◆ Prompt
For this listing, reproduce the line with "EXCLUSIVITE FREJUS - situé", the line with "IKEA opbevaringsreol med", and the lines between, exactly as they stand. Leave out pictures and all other lines.
---------- Data records
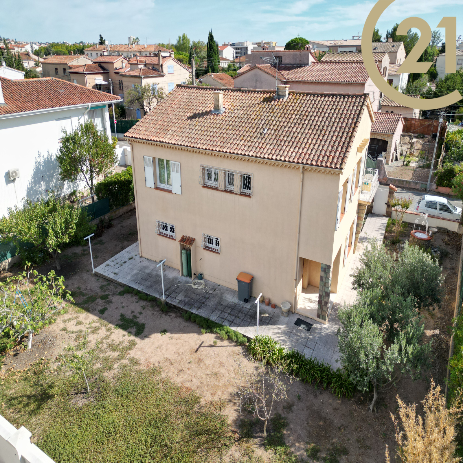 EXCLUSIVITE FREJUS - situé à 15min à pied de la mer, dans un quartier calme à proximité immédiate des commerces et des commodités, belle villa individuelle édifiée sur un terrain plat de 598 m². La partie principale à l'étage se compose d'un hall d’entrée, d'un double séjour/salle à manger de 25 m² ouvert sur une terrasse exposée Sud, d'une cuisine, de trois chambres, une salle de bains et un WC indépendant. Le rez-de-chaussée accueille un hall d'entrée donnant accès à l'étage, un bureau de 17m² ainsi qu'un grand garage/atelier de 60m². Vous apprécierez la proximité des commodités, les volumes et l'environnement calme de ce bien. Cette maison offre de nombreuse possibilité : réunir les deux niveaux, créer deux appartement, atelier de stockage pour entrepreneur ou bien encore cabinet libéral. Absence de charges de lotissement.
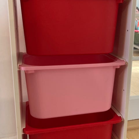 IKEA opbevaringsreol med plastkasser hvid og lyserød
--------------------
---------- Data records
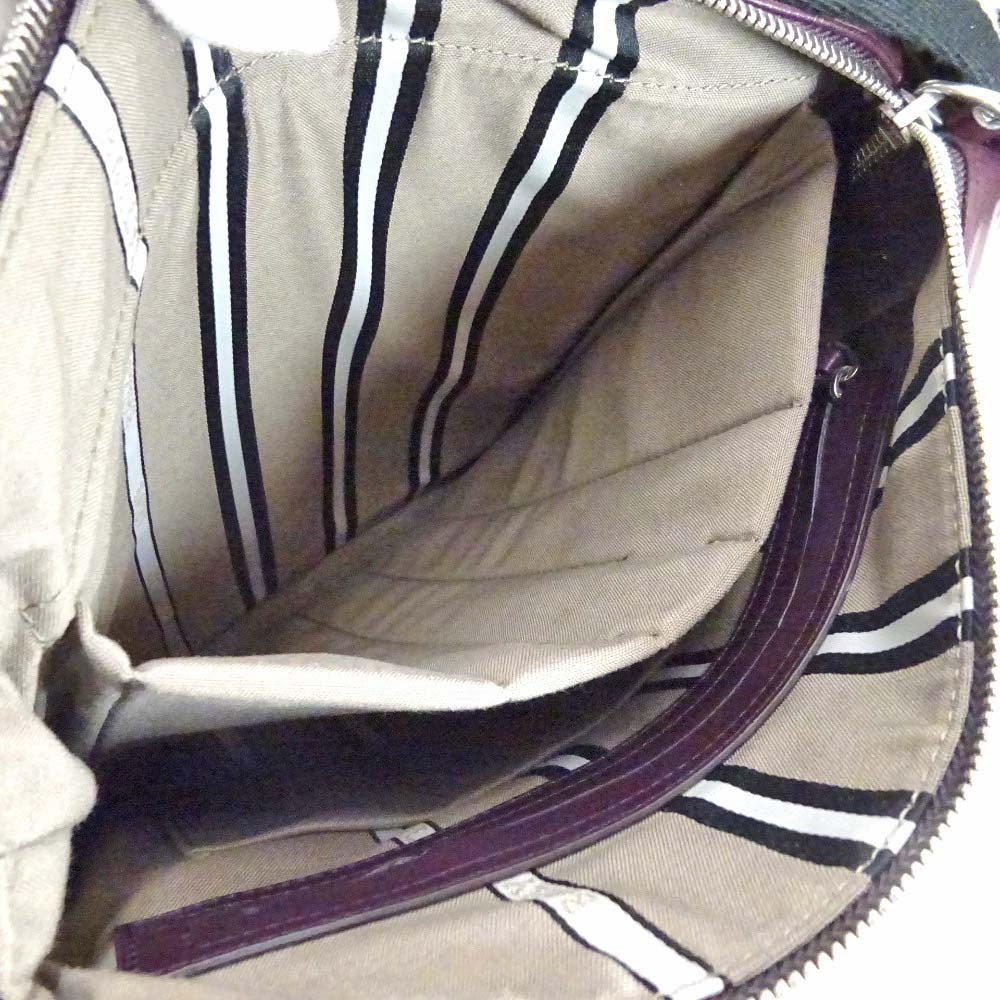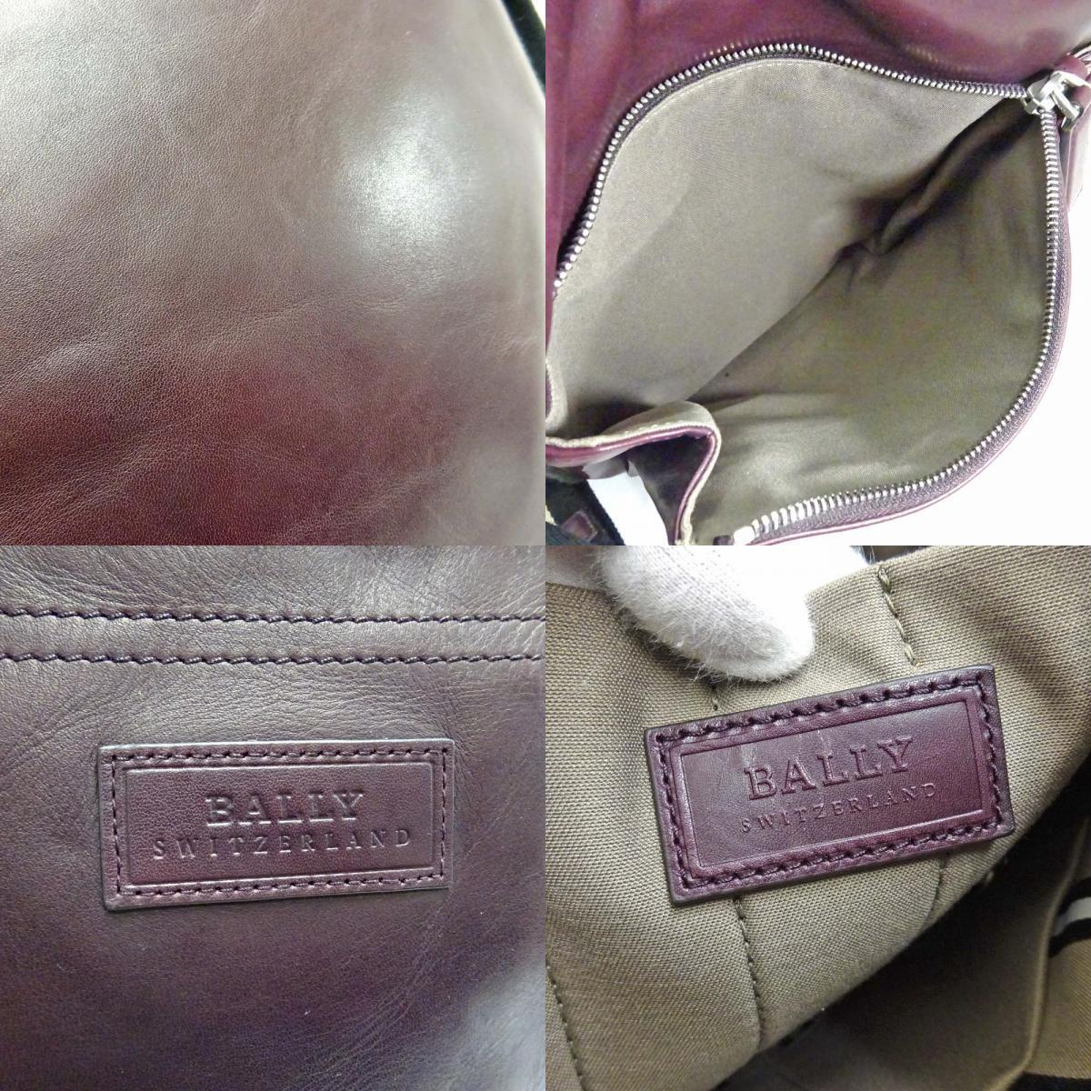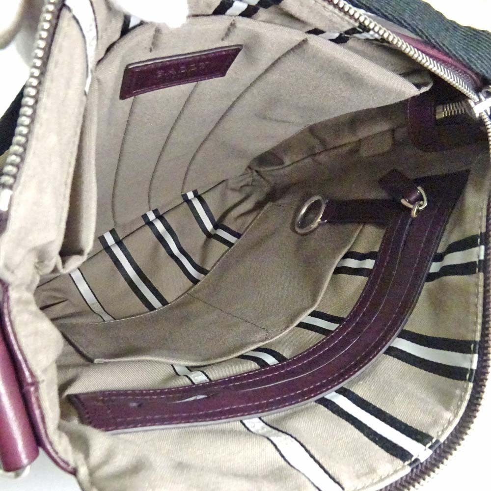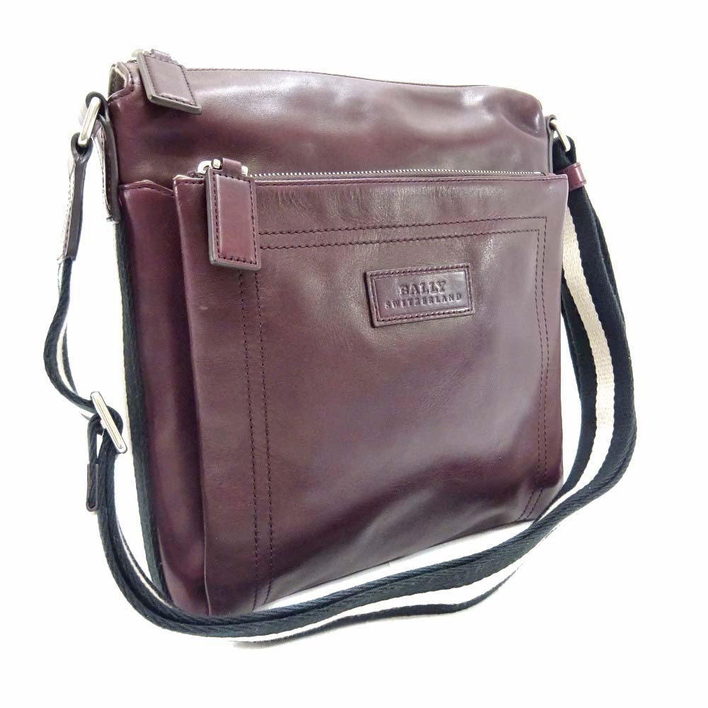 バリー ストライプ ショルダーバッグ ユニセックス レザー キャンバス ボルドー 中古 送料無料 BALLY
--------------------
◆ Task result
 EXCLUSIVITE FREJUS - situé à 15min à pied de la mer, dans un quartier calme à proximité immédiate des commerces et des commodités, belle villa individuelle édifiée sur un terrain plat de 598 m². La partie principale à l'étage se compose d'un hall d’entrée, d'un double séjour/salle à manger de 25 m² ouvert sur une terrasse exposée Sud, d'une cuisine, de trois chambres, une salle de bains et un WC indépendant. Le rez-de-chaussée accueille un hall d'entrée donnant accès à l'étage, un bureau de 17m² ainsi qu'un grand garage/atelier de 60m². Vous apprécierez la proximité des commodités, les volumes et l'environnement calme de ce bien. Cette maison offre de nombreuse possibilité : réunir les deux niveaux, créer deux appartement, atelier de stockage pour entrepreneur ou bien encore cabinet libéral. Absence de charges de lotissement.
 IKEA opbevaringsreol med plastkasser hvid og lyserød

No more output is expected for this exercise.